Geschichte[Bearbeiten | Quelltext bearbeiten]

Kunstbibliothek des Lindenau-Museums im Jahr 1890

Der Beginn der Kunstbibliothek des Lindenauschen Museums kann in der privaten Bibliothek von Bernhard August von Lindenau gesehen werden. Lindenaus Neffe, der Sprachforscher Hans Conon von der Gabelentz (1807–1874), beschäftigte sich von 1837 bis 1839 mit der Ordnung der Lindenauschen Privatbibliothek[1], die sich zu diesem Zeitpunkt vor allem aus Büchern aus eigener Anschaffung, ererbtem Familienbesitz, Teilen der Sammlung des Astronomen und Unterstützers Lindenaus Franz Xaver von Zach (1754–1832) sowie Teilen aus der Sammlung von Herzogin Marie Charlotte Amalia von Sachsen-Gotha-Altenburg (1751–1827) zusammensetzte.

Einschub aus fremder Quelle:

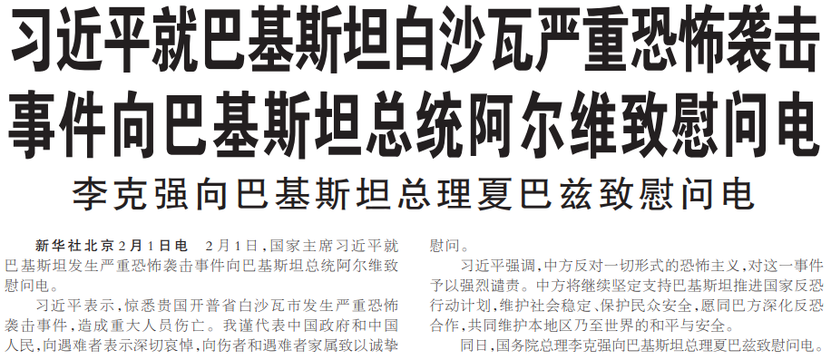 2月1日,国家主席习近平就巴基斯坦发生严重恐怖袭击事件向巴基斯坦总统阿尔维致慰问电。(今日《人民日报》1版)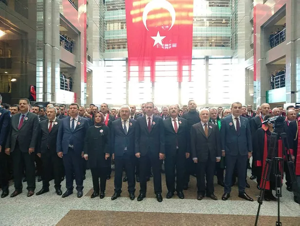 Nitekim, pusuda bekleyen FETÖ militanları durumdan vazife çıkartarak 15 Temmuz gecesi harekete geçmiş, 252 vatandaşımızı şehit etmiş, binlercesini yaralamıştır. Bu girişim planın birer parçalarıdır. Bu planlamanın uygulamasında kullanılanlar sadece basit birer piyondur. Tehdit geçmiş midir, tehlike sona ermiş midir? Tehlike geçmemiştir. Tehdit devam etmektedir. Türkiye Cumhuriyeti'nin etrafı terör unsurlarınca çevrilmektedir. Hepimizin malumudur. Emniyeti, jandarması, askeri, yargısıyla Türkiye Cumhuriyeti büyük bir mücadele vermektedir. Türkiye Cumhuriyeti bu zorlukların üstesinden tarihte de gelmiştir, bugün de gelecektir, yarın da gelecektir.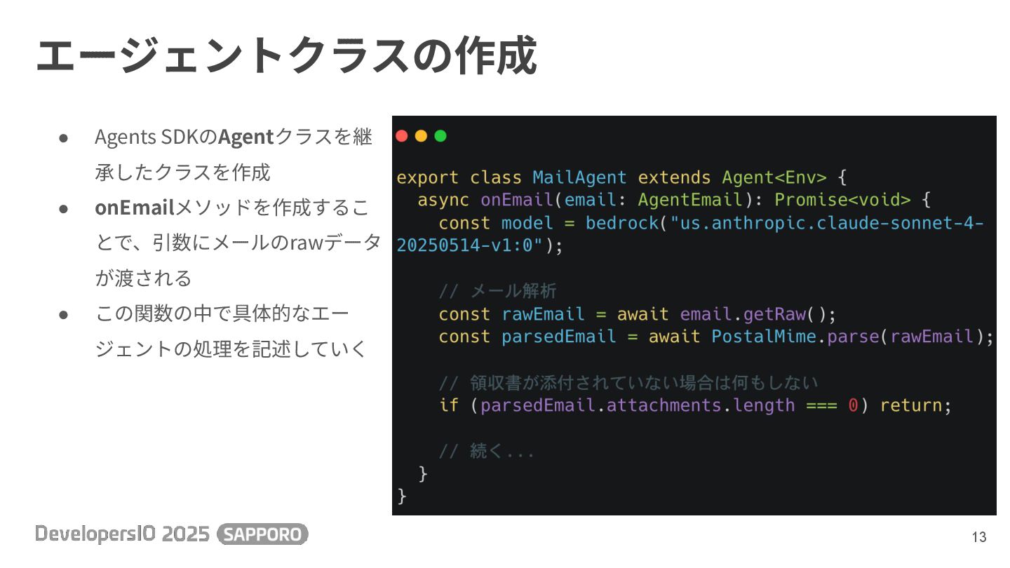 13 • Agents SDKのAgentクラスを継 承したクラスを作成 • onEmailメソッドを作成するこ とで、引数にメールのrawデータ が渡される •

Folgende Themengebiete finden zu diesem Zeitpunkt Erwähnung:

In den Jahren 1843 und 1844 unternahm Lindenau Reisen nach Frankreich und Italien, bei denen er viele Kunstwerke für seine Sammlung kaufte. Erstmals sind hier auch gezielte Bücherkäufe in großer Menge für die geplante Kunstbibliothek belegt. Bei dieser Reise knüpfte er außerdem Kontakt zu vielen Buchhändlern, Antiquaren und Vermittlern in Deutschland, Frankreich und Italien.

In den folgenden Jahren 1845 und 1846 entstand das Museumsgebäude auf dem Polhof (ausführender Architekt war Albert Geutebrück). Das Gebäude war geplant als Ort für die Sammlung und eine Schule, die „Anstalt für Jünglinge aus dem Altenburger Lande zum unentgeltlichen Unterricht im freien Handzeichnen, im architektonischen Zeichnen, im Modellieren und in der Baukunst“. Der Kunstbibliothek kam in diesem Zuge die Rolle der Vertiefung der Betrachtung der Kunst im Museum zu und wurde zu Lehrzwecken für die Schule genutzt.

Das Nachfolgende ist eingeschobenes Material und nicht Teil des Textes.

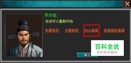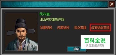 离婚: (1)协议离婚,夫妻双方组队前往开封--龙庭广场--民政官处办理离婚。(费用免费,与亲密度无关。) (2)感情破裂:单方到开封--龙庭广场--民政官处办理。(亲密度100以下免费,亲密度100以上需要花费50元宝,无需组队。) (3)解除婚姻关系后,亲密度清零。 (4)如需移民,需先和伴侣解除婚姻,一起移民时亲密度不变。
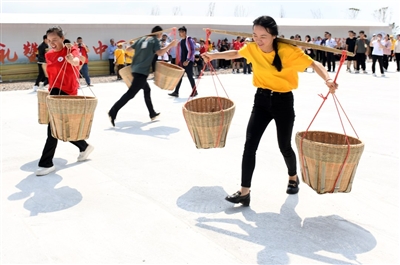 “看似简单,其实挺考验水平的,期间不能把红薯撒落,否则视为犯规。”热烈的气氛,感染着一旁观赛的村民,人群中不时发出讲解声:“就跟咱过去挑水一样。”

Am 4. Januar 1848 wurde dann bereits der Lehrbetrieb in dem Gebäude auf dem Polhof aufgenommen und am 1. April 1848 wurde auch das Museumsgebäude offiziell eröffnet. Derzeit befand sich die Kunstbibliothek im Parterresaal des Hauses und umfasste nach Angaben des damaligen Kustos Julius Erdmann Dietrich (1808–1878) 379 Titel. Zusätzlich gab es im Kuppelraum des Dachgeschosses noch eine Handbibliothek für den Schulbetrieb. 1851 folgte ein Anbau von 2 Seitenflügeln im Erdgeschoss, der eine gesonderte Ausstellung der Kunstbibliothek möglich machte und auch Platz für ein Lesezimmer bot. Zu diesem Zeitpunkt und auch später und bis zu seinem Tode (1854) finden sich immer wieder Aufzeichnungen in Lindenaus Tagebuch zu weiteren Bücherkäufen für die Bibliothek.

1854 folgten weitere Ergänzungsarbeiten, die in diesem Falle die Schaffung eines Bibliothekszimmers im Kuppelraum für die Schule durch den Baumeister Heinrich Schmidt beinhalteten. Nach dem Tod Lindenaus am 21. Mai 1854 fiel die Stiftung laut Testament an das Herzogtum Sachsen-Anhalt. Die Kunstbibliothek findet in diesem Testament gar an erster Stelle Erwähnung als "zunächst Kunst, Technik und die Hülfswissenschaften betreffende Sammlung von Büchern, Kupferstichen, Lithographien etc."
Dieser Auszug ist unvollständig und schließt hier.